### WORK REQUEST
In the records below, the line with "turn signals, move" and every line after it must be written out exactly; no pictures belong in the result.

Stored dataset items:
------------------------------------------------------------

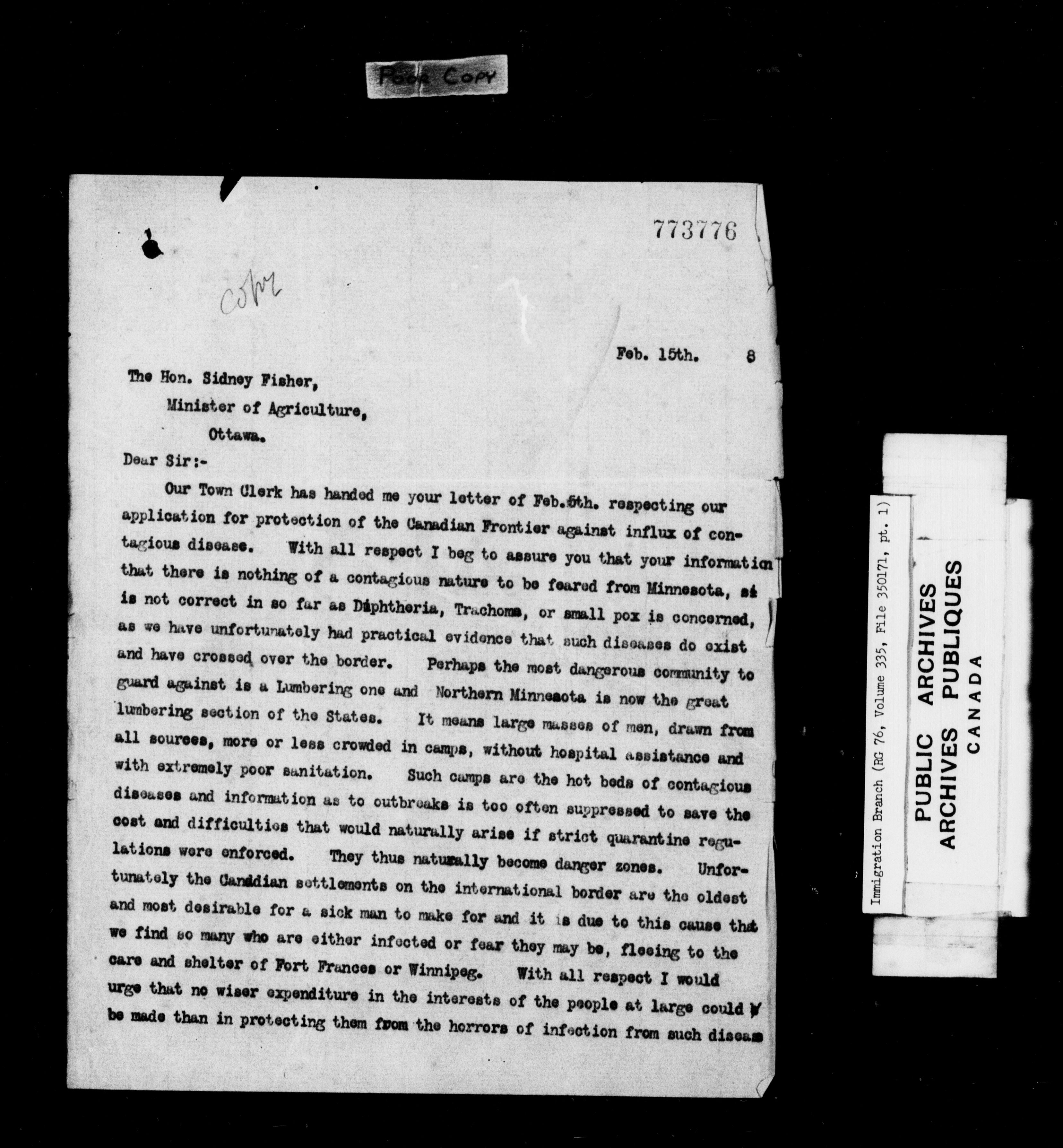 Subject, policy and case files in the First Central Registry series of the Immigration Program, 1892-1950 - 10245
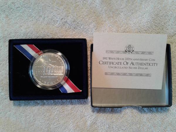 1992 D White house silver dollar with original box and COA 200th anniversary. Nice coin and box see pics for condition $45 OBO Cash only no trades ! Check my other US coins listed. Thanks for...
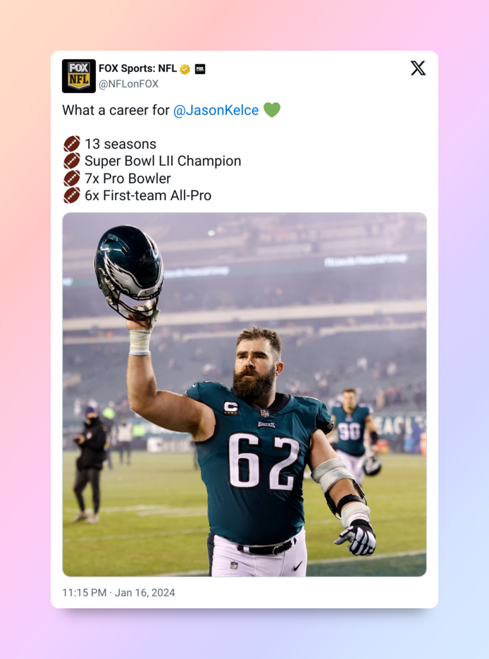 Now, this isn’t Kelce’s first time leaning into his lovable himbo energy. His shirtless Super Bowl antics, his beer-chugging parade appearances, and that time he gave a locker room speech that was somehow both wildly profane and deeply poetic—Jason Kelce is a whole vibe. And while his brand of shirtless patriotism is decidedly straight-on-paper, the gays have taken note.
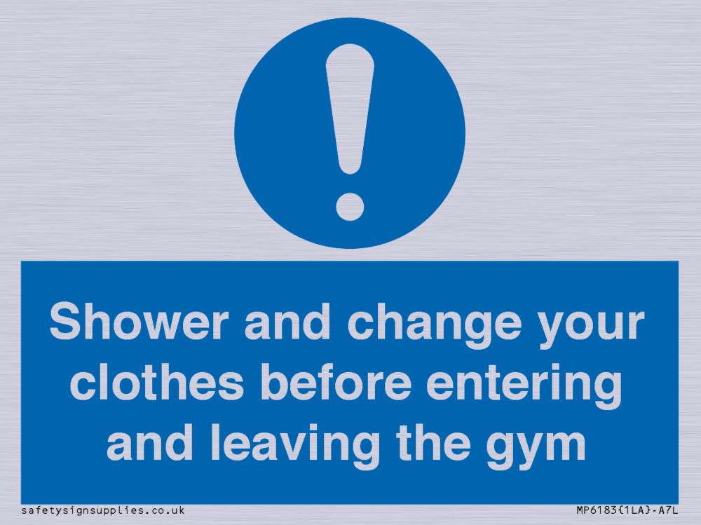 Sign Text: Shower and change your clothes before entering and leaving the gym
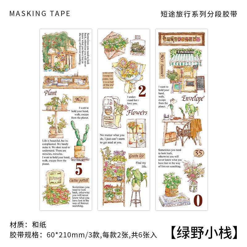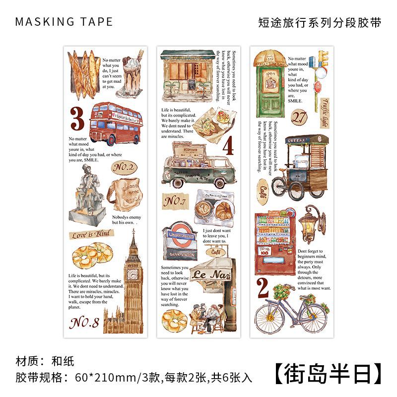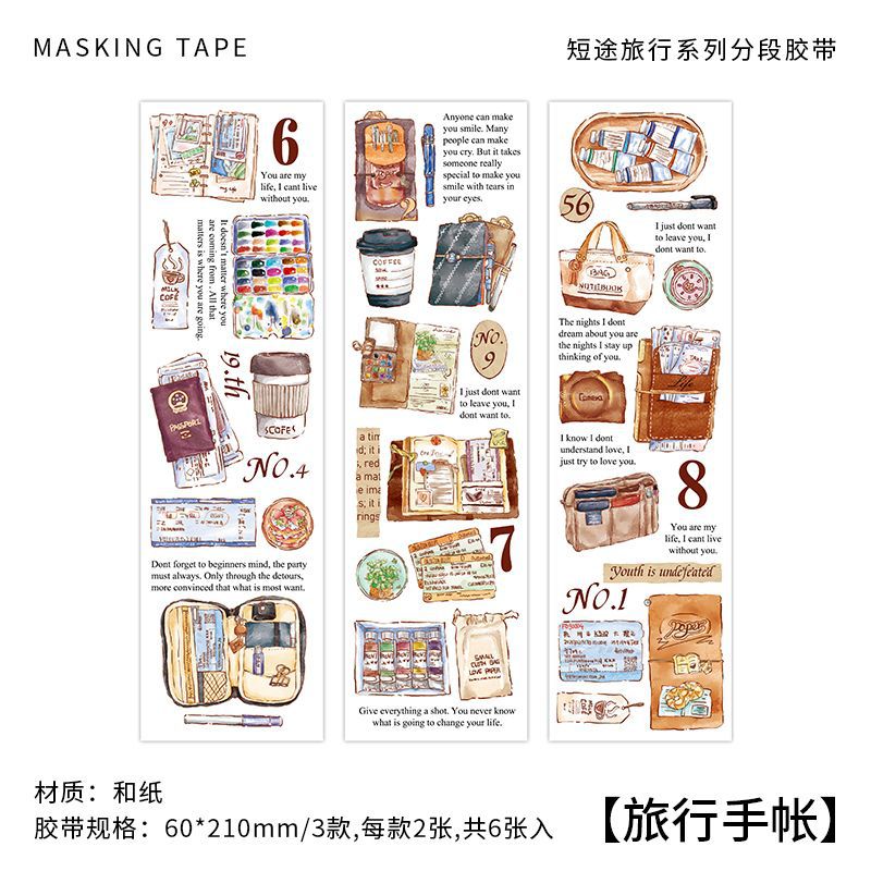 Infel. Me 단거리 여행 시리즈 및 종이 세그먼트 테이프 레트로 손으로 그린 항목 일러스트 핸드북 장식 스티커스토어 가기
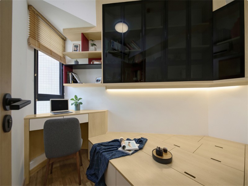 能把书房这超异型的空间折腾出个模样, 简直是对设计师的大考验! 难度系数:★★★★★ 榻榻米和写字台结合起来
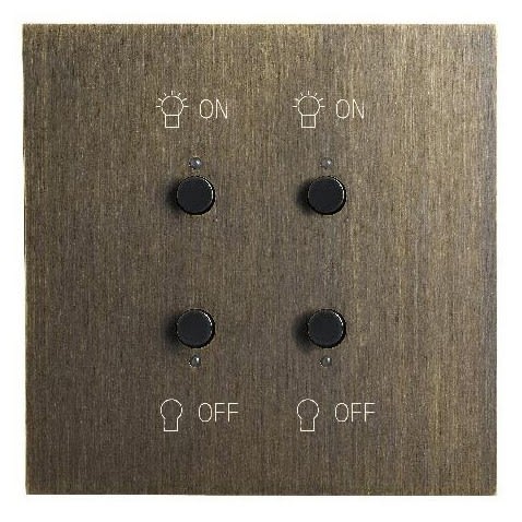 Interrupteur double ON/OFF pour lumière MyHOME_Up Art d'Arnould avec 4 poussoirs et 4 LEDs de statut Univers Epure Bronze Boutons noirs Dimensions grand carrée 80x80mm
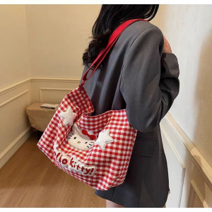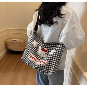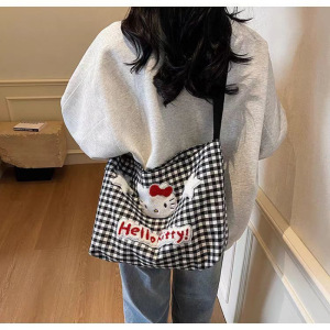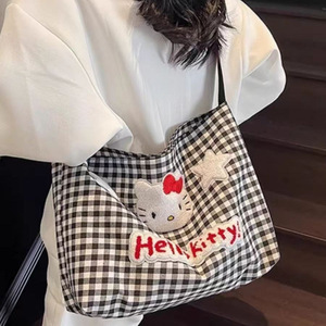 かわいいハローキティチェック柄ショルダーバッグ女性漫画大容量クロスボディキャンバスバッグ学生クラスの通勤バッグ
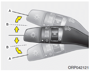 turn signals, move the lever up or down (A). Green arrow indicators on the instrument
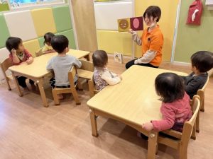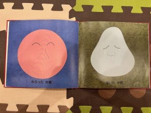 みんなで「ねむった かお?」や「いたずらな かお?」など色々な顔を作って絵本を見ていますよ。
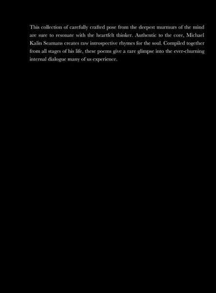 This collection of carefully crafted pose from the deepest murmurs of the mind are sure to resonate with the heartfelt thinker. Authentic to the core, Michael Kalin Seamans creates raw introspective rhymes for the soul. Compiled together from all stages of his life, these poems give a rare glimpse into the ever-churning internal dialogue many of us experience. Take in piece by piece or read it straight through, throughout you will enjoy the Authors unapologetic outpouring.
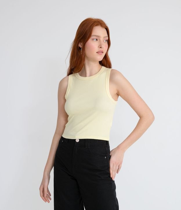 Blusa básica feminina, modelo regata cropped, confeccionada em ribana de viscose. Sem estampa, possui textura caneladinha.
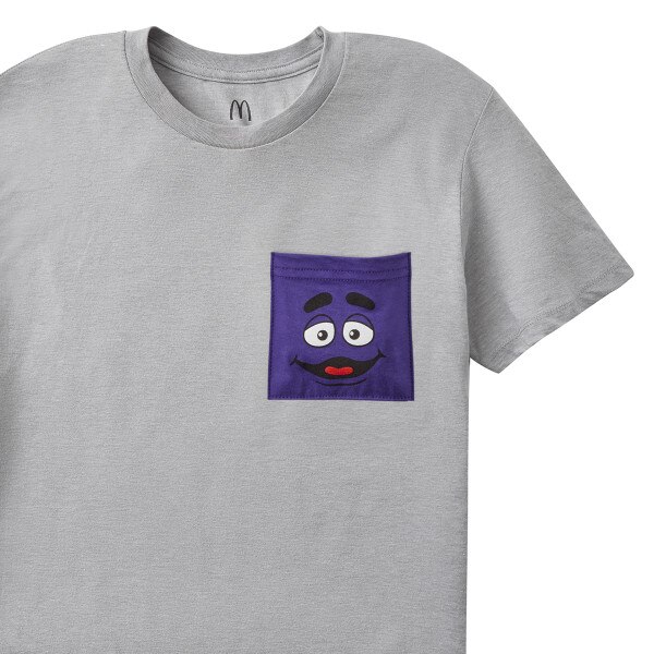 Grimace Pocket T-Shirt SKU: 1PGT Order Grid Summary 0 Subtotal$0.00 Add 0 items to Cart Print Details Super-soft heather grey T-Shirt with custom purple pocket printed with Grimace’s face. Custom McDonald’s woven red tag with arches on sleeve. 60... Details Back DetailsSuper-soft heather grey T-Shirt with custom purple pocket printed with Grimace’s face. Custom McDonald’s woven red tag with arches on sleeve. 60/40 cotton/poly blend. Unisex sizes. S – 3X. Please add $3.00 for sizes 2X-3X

------------------------------------------------------------

### EXERCISE OUTPUT
 turn signals, move the lever up or down (A). Green arrow indicators on the instrument
 みんなで「ねむった かお?」や「いたずらな かお?」など色々な顔を作って絵本を見ていますよ。
 This collection of carefully crafted pose from the deepest murmurs of the mind are sure to resonate with the heartfelt thinker. Authentic to the core, Michael Kalin Seamans creates raw introspective rhymes for the soul. Compiled together from all stages of his life, these poems give a rare glimpse into the ever-churning internal dialogue many of us experience. Take in piece by piece or read it straight through, throughout you will enjoy the Authors unapologetic outpouring.
 Blusa básica feminina, modelo regata cropped, confeccionada em ribana de viscose. Sem estampa, possui textura caneladinha.
 Grimace Pocket T-Shirt SKU: 1PGT Order Grid Summary 0 Subtotal$0.00 Add 0 items to Cart Print Details Super-soft heather grey T-Shirt with custom purple pocket printed with Grimace’s face. Custom McDonald’s woven red tag with arches on sleeve. 60... Details Back DetailsSuper-soft heather grey T-Shirt with custom purple pocket printed with Grimace’s face. Custom McDonald’s woven red tag with arches on sleeve. 60/40 cotton/poly blend. Unisex sizes. S – 3X. Please add $3.00 for sizes 2X-3X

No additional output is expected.